**** INFORMATION SUPPLIED

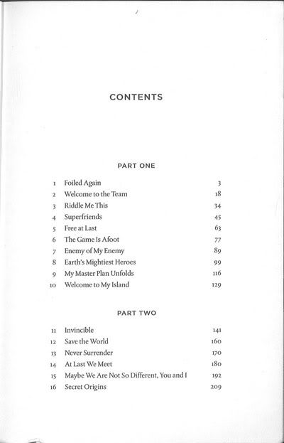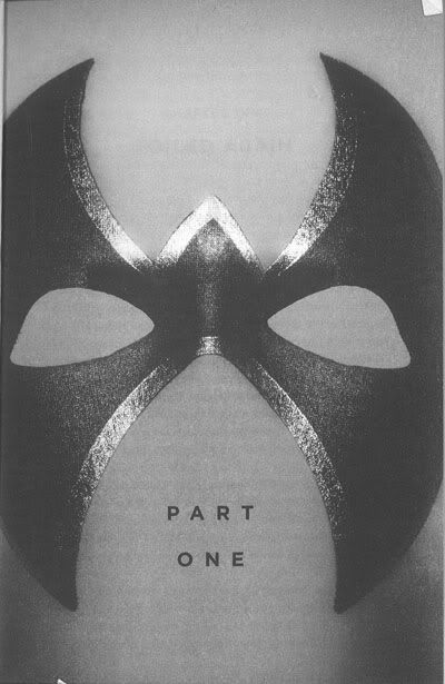 The title spread and part title pages contain more superhero iconography (masks; the Part 3 title page, not pictured, contains an image of a gauntleted fist.) They are just plain striking.
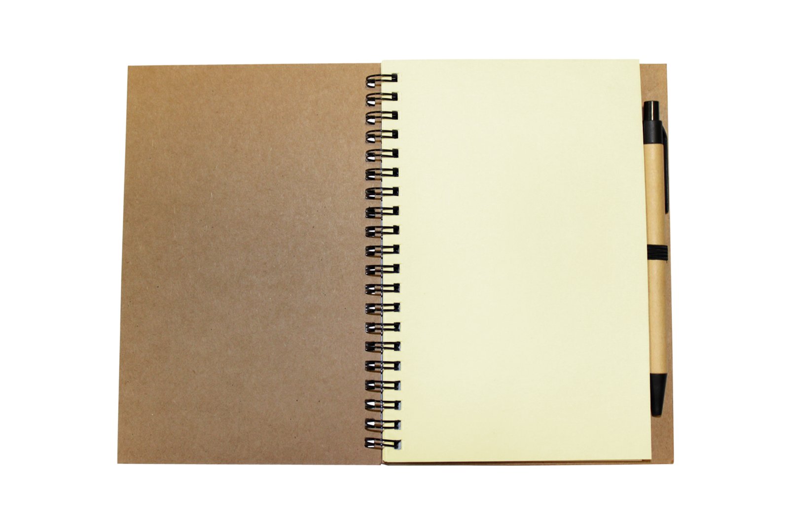 LIBRETA "ECOLÓGICA" (SKU T164) para regalos corporativos y campañas de empresa. Compatible con estrategias de regalos corporativos, incluyendo soluciones en textil, sublimación y DTF. 13,8 x 18 x 1,5 cm Elaborada con papel reciclado. Incluye bolígrafo biodegradable. Posee 70 hojas de color amarillo en croquis (sin líneas). Cotiza formato corporativo con personalización de logo y cobertura en Chile.
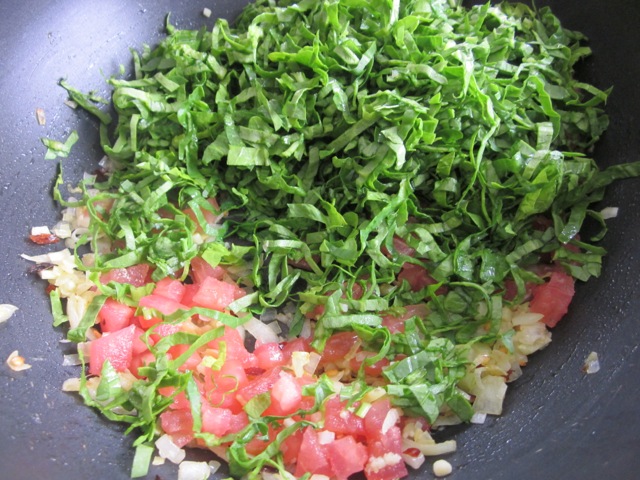 Basmati Rice with Spinach and Parmesan myfavouritepastime.com_2024Add tomatoes and spinach and cook until spinach is just wilted (2-4 minutes). Season. (i had a lot of left over Swiss chard, which I used instead of spinach)

********

Give the listing again in full, exactly as it is, but without its images.

 The title spread and part title pages contain more superhero iconography (masks; the Part 3 title page, not pictured, contains an image of a gauntleted fist.) They are just plain striking.
 LIBRETA "ECOLÓGICA" (SKU T164) para regalos corporativos y campañas de empresa. Compatible con estrategias de regalos corporativos, incluyendo soluciones en textil, sublimación y DTF. 13,8 x 18 x 1,5 cm Elaborada con papel reciclado. Incluye bolígrafo biodegradable. Posee 70 hojas de color amarillo en croquis (sin líneas). Cotiza formato corporativo con personalización de logo y cobertura en Chile.
 Basmati Rice with Spinach and Parmesan myfavouritepastime.com_2024Add tomatoes and spinach and cook until spinach is just wilted (2-4 minutes). Season. (i had a lot of left over Swiss chard, which I used instead of spinach)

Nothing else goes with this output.